Florian Weimer Dec. 9, 2022, 1:13 p.m. UTC | #6
* Yago Gutiérrez:

> diff --git a/sysdeps/unix/sysv/linux/dl-parse_auxv.h b/sysdeps/unix/sysv/linux/dl-parse_auxv.h
> index bf9374371e..f1a964ec1d 100644
> --- a/sysdeps/unix/sysv/linux/dl-parse_auxv.h
> +++ b/sysdeps/unix/sysv/linux/dl-parse_auxv.h
> @@ -52,6 +52,9 @@ void _dl_parse_auxv (ElfW(auxv_t) *av, dl_parse_auxv_t auxv_values)
>    _dl_random = (void *) auxv_values[AT_RANDOM];
>    GLRO(dl_minsigstacksize) = auxv_values[AT_MINSIGSTKSZ];
>    GLRO(dl_sysinfo_dso) = (void *) auxv_values[AT_SYSINFO_EHDR];
> +#ifndef SHARED
> +  GL(dl_phdr) = (void*) auxv_values[AT_PHDR];
> +#endif
>  #ifdef NEED_DL_SYSINFO
>    if (GLRO(dl_sysinfo_dso) != NULL)
>      GLRO(dl_sysinfo) = auxv_values[AT_SYSINFO];

The dynamic linker calls _dl_parse_auxv via _dl_sysdep_parse_arguments.
This gives direct access to all auxv entries.  I wonder if we should
abolish _dl_aux_init and call _dl_parse_auxv here.  It shouldn't be
necessary to duplicate this data in _dl_main_map and separate variables
(see _dl_non_dynamic_init).

Can we assume that AT_PHDR and AT_PHNUM are always present on Linux?

Thanks,
Florian
  
Adhemerval Zanella Dec. 9, 2022, 1:50 p.m. UTC | #7
On 09/12/22 10:13, Florian Weimer via Libc-alpha wrote:
> * Yago Gutiérrez:
> 
>> diff --git a/sysdeps/unix/sysv/linux/dl-parse_auxv.h b/sysdeps/unix/sysv/linux/dl-parse_auxv.h
>> index bf9374371e..f1a964ec1d 100644
>> --- a/sysdeps/unix/sysv/linux/dl-parse_auxv.h
>> +++ b/sysdeps/unix/sysv/linux/dl-parse_auxv.h
>> @@ -52,6 +52,9 @@ void _dl_parse_auxv (ElfW(auxv_t) *av, dl_parse_auxv_t auxv_values)
>>    _dl_random = (void *) auxv_values[AT_RANDOM];
>>    GLRO(dl_minsigstacksize) = auxv_values[AT_MINSIGSTKSZ];
>>    GLRO(dl_sysinfo_dso) = (void *) auxv_values[AT_SYSINFO_EHDR];
>> +#ifndef SHARED
>> +  GL(dl_phdr) = (void*) auxv_values[AT_PHDR];
>> +#endif
>>  #ifdef NEED_DL_SYSINFO
>>    if (GLRO(dl_sysinfo_dso) != NULL)
>>      GLRO(dl_sysinfo) = auxv_values[AT_SYSINFO];
> 
> The dynamic linker calls _dl_parse_auxv via _dl_sysdep_parse_arguments.
> This gives direct access to all auxv entries.  I wonder if we should
> abolish _dl_aux_init and call _dl_parse_auxv here.  It shouldn't be
> necessary to duplicate this data in _dl_main_map and separate variables
> (see _dl_non_dynamic_init).
> 
> Can we assume that AT_PHDR and AT_PHNUM are always present on Linux?

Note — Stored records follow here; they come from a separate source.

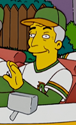 SAL BANDO was in the puzzle too — “Captain of MLB’s Swingin’ A’s of the 1970s.” Those A’s won three consecutive World Series (’72 – ’74), and he was a frequent All-Star and near-MVP. Take a look at that wonderful Italian punim — first his real one and then how he appeared in his cameo role on The Simpsons! He passed away earlier this year at 78. Rest in peace, Salvatore.
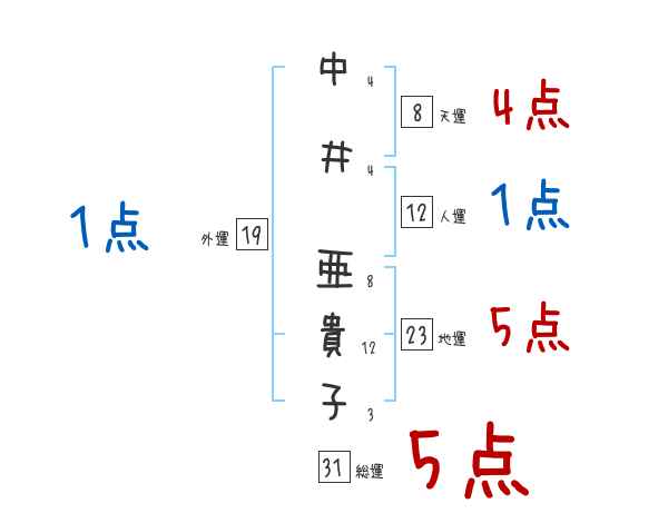 総運![]() | 中井亜貴子さんの総運は31画の5つ星!社交性があり判断力に優れる。順風満帆な人生で円満な生活。 あなたの人生を表す1番重要な運勢です。生涯を通じて影響する総合運となり、主に50歳以降の晩年期に影響を及ぼします。 |
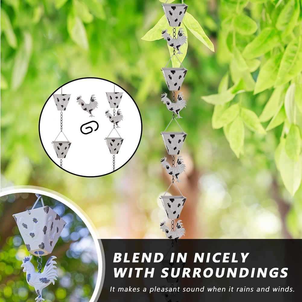 7.8FT Rain Chain for Outside, Rain Chain with 10 Rooster Cups Adjustable Rain Chains for Gutters, Eaves, Drainage, Replacement for Downpout
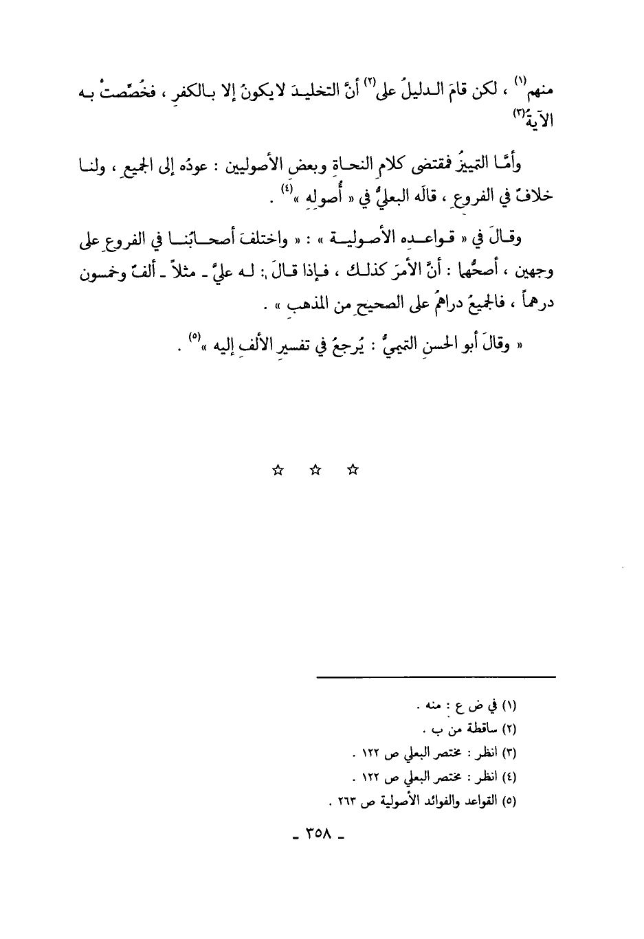 وَقَالَ فِي قَوَاعِدِهِ الأُصُولِيَّةِ: وَاخْتَلَفَ أَصْحَابُنَا فِي الْفُرُوعِ عَلَى وَجْهَيْنِ, أَصَحُّهُمَا: أَنَّ الأَمْرَ كَذَلِكَ, فَإِذَا قَالَ: لَهُ عَلَيَّ -مَثَلاً- أَلْفٌ وَخَمْسُونَ دِرْهَمًا, فَالْجَمِيعُ دَرَاهِمُ عَلَى الصَّحِيحِ مِنْ الْمَذْهَبِ.
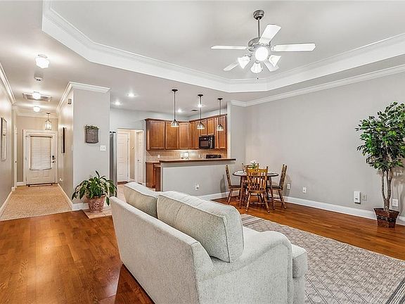 This charming move-in ready townhouse offers a cozy retreat nestled in a tranquil setting. This residence features a blend of comfort and convenience with an inviting atmosphere and modern amenities including a fireplace. The open floor plan creates an ideal area for entertaining or simply relaxing after a long day. The kitchen has oversized cabinets, plenty of counter space and a breakfast bar that creates more than enough room for gatherings. Enjoy the outside tranquility with the addition of a new covered patio, where your morning coffee or evening wind-downs await. Located minutes away from shops, hospital, restaurants, I-12 and I-55. Featuring 2 bedrooms, 2 baths and a private backyard with a wooden fence that backs up to a wooded area. Front lawn service is maintained by the HOA.
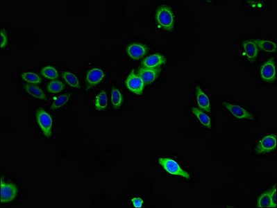 Immunofluorescent analysis of HepG2 cells using CSB-PA022564LA01HU at dilution of 1:100 and Alexa Fluor 488-congugated AffiniPure Goat Anti-Rabbit IgG(H+L)
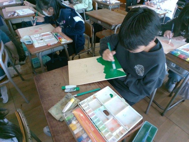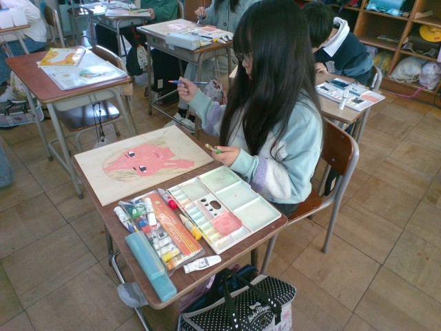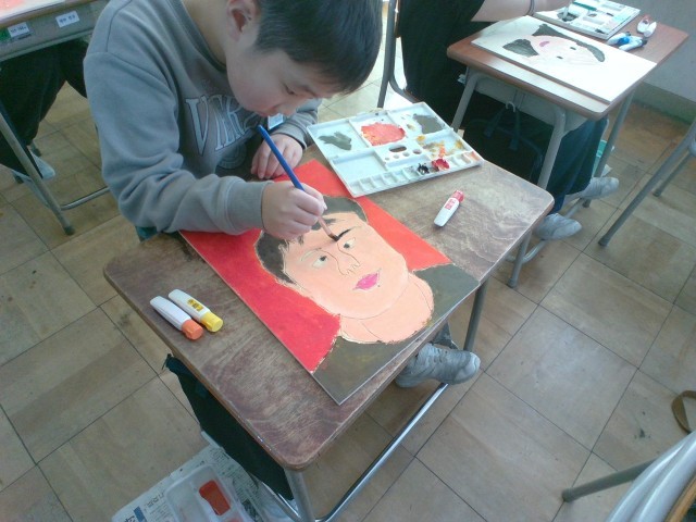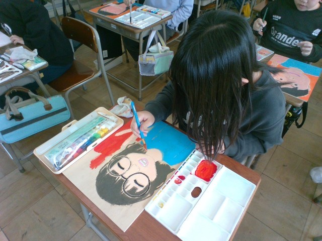 4年生:図画工作科「ぼく・わたしの顔」:2月5日(水) 公開日 2025/02/05 更新日 2025/02/05 4年生の部屋 図画工作科の学習で版画に取り組んでいます。子供たちは彫りの作業を終え、色付け作業をしています。肌の色や髪の色、背景の色等、工夫しながら色を塗っていました。金曜日はいよいよ刷りの作業になります。どのような作品になるのかとても楽しみですね。 +1

Afaik yes, kernel provides AT_PHNUM (since initial initial git 2.6.12-rc2
at least).  I am think it is worth to add that this fix leverages the kernel
fix 0da1d5002745c (fs/binfmt_elf: Fix AT_PHDR for unusual ELF files).
  

Patch

From bf2371ce732194f652719aff4af0f9021f9cbd90 Mon Sep 17 00:00:00 2001
From: =?UTF-8?q?Yago=20Guti=C3=A9rrez?= <yagogl@protonmail.com>
Date: Wed, 7 Dec 2022 12:49:22 +0100
Subject: [PATCH 1/1] __libc_start_main() now uses auxv to obtain phdr's
 address [BZ #29864]
To: libc-alpha@sourceware.org

---
 csu/libc-start.c                        | 34 +++++++++++++------------
 sysdeps/generic/ldsodefs.h              |  3 +++
 sysdeps/unix/sysv/linux/dl-parse_auxv.h |  1 +
 3 files changed, 22 insertions(+), 16 deletions(-)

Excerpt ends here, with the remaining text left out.